>>>

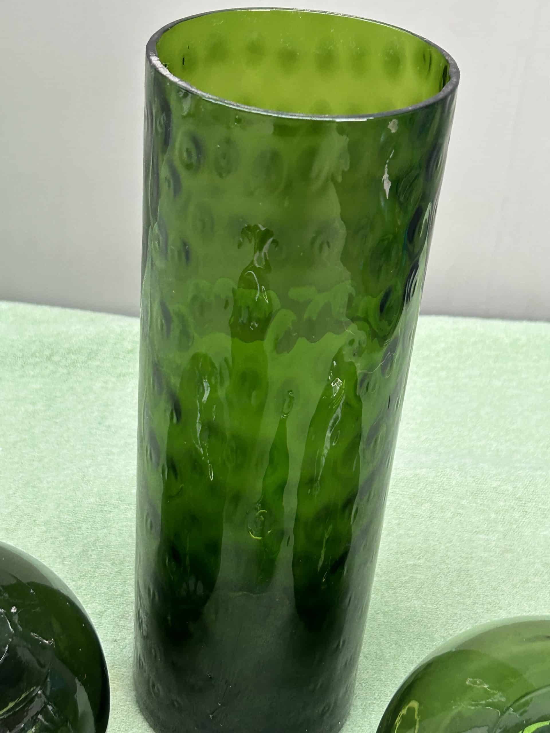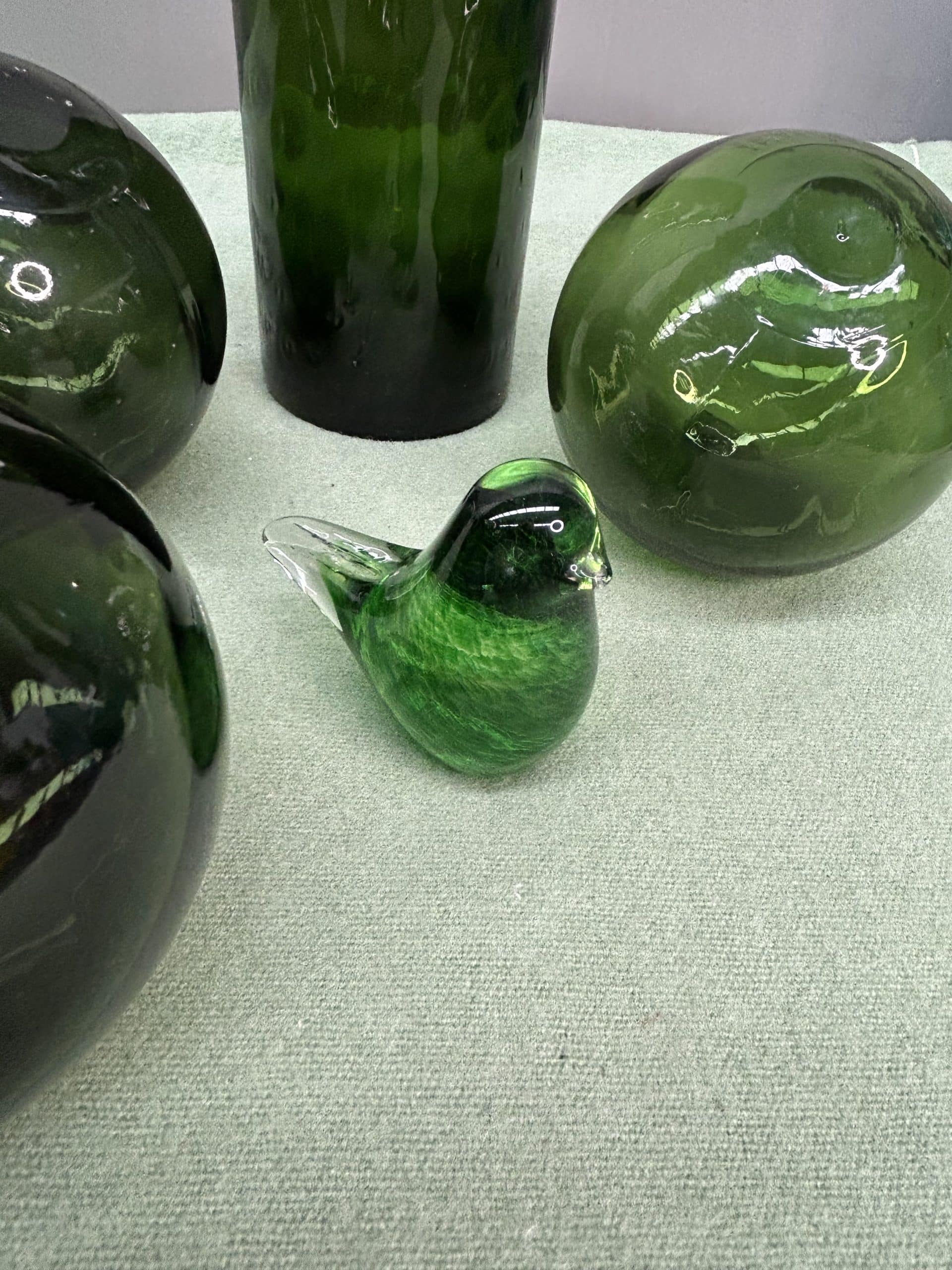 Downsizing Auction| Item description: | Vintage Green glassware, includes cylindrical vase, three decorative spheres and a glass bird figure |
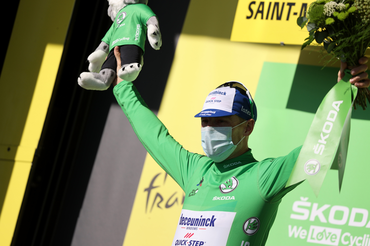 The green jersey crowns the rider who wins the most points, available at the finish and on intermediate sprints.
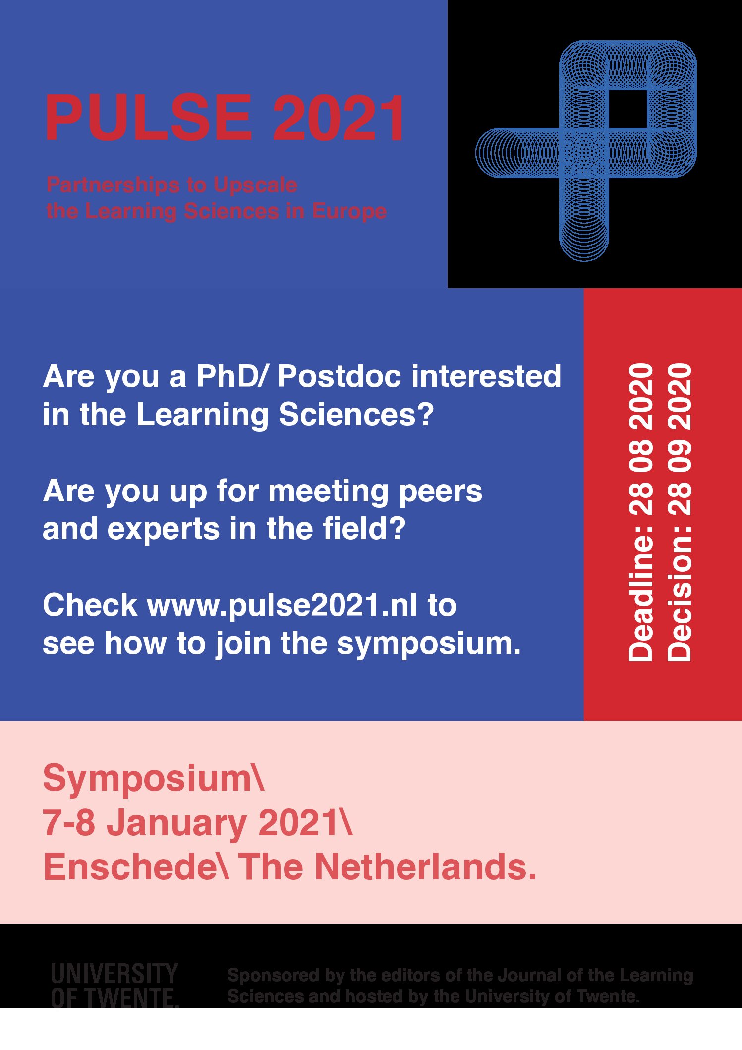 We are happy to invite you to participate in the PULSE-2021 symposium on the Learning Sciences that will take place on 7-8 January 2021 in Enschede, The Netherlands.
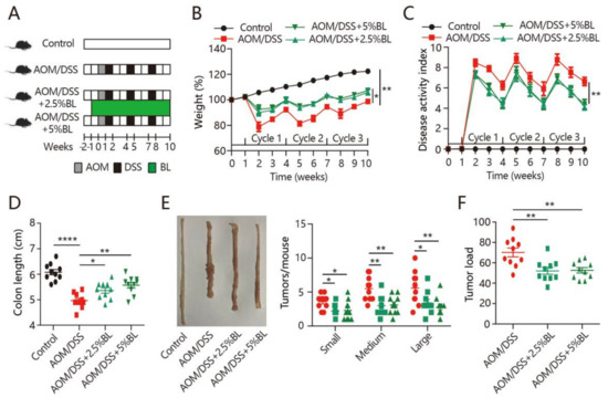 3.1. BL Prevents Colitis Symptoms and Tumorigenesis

<<<
>>>

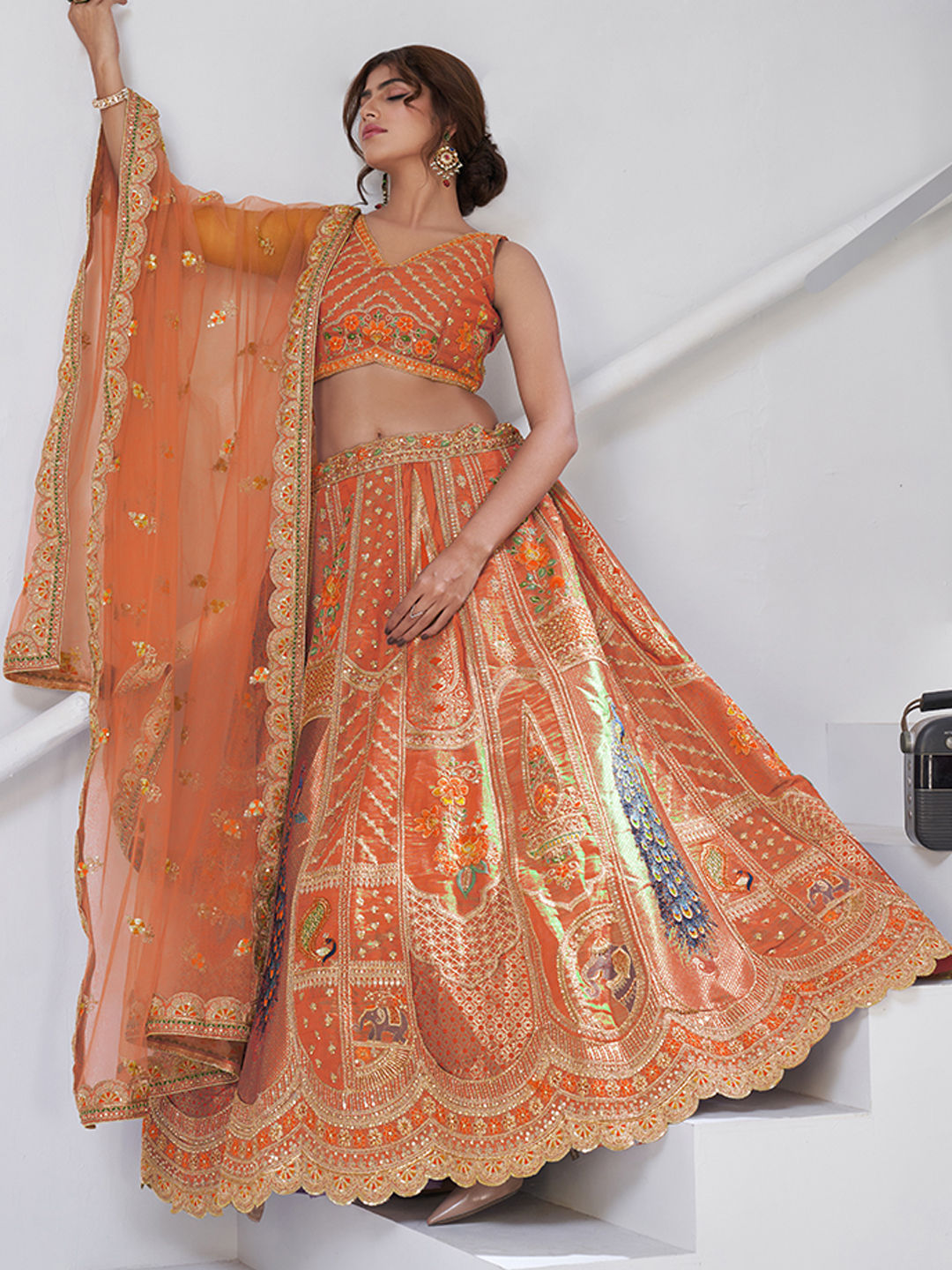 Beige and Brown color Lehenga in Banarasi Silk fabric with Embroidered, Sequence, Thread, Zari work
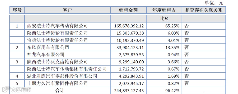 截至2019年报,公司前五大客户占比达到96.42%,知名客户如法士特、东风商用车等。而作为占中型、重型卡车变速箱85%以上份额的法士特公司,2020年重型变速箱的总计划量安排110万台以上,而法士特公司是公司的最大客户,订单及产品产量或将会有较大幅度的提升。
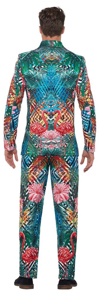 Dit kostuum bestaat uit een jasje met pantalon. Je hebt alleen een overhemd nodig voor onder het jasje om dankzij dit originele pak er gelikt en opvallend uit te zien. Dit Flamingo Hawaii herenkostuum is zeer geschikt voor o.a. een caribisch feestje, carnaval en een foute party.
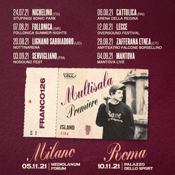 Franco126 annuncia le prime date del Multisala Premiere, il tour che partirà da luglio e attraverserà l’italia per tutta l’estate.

<<<

_Your instructions_
I'd like the lines above repeated exactly, from the one that contains "Downsizing Auction| Item" through the one that contains "3.1. BL Prevents", with no pictures.

_Result of this task_
 Downsizing Auction| Item description: | Vintage Green glassware, includes cylindrical vase, three decorative spheres and a glass bird figure |
 The green jersey crowns the rider who wins the most points, available at the finish and on intermediate sprints.
 We are happy to invite you to participate in the PULSE-2021 symposium on the Learning Sciences that will take place on 7-8 January 2021 in Enschede, The Netherlands.
 3.1. BL Prevents Colitis Symptoms and Tumorigenesis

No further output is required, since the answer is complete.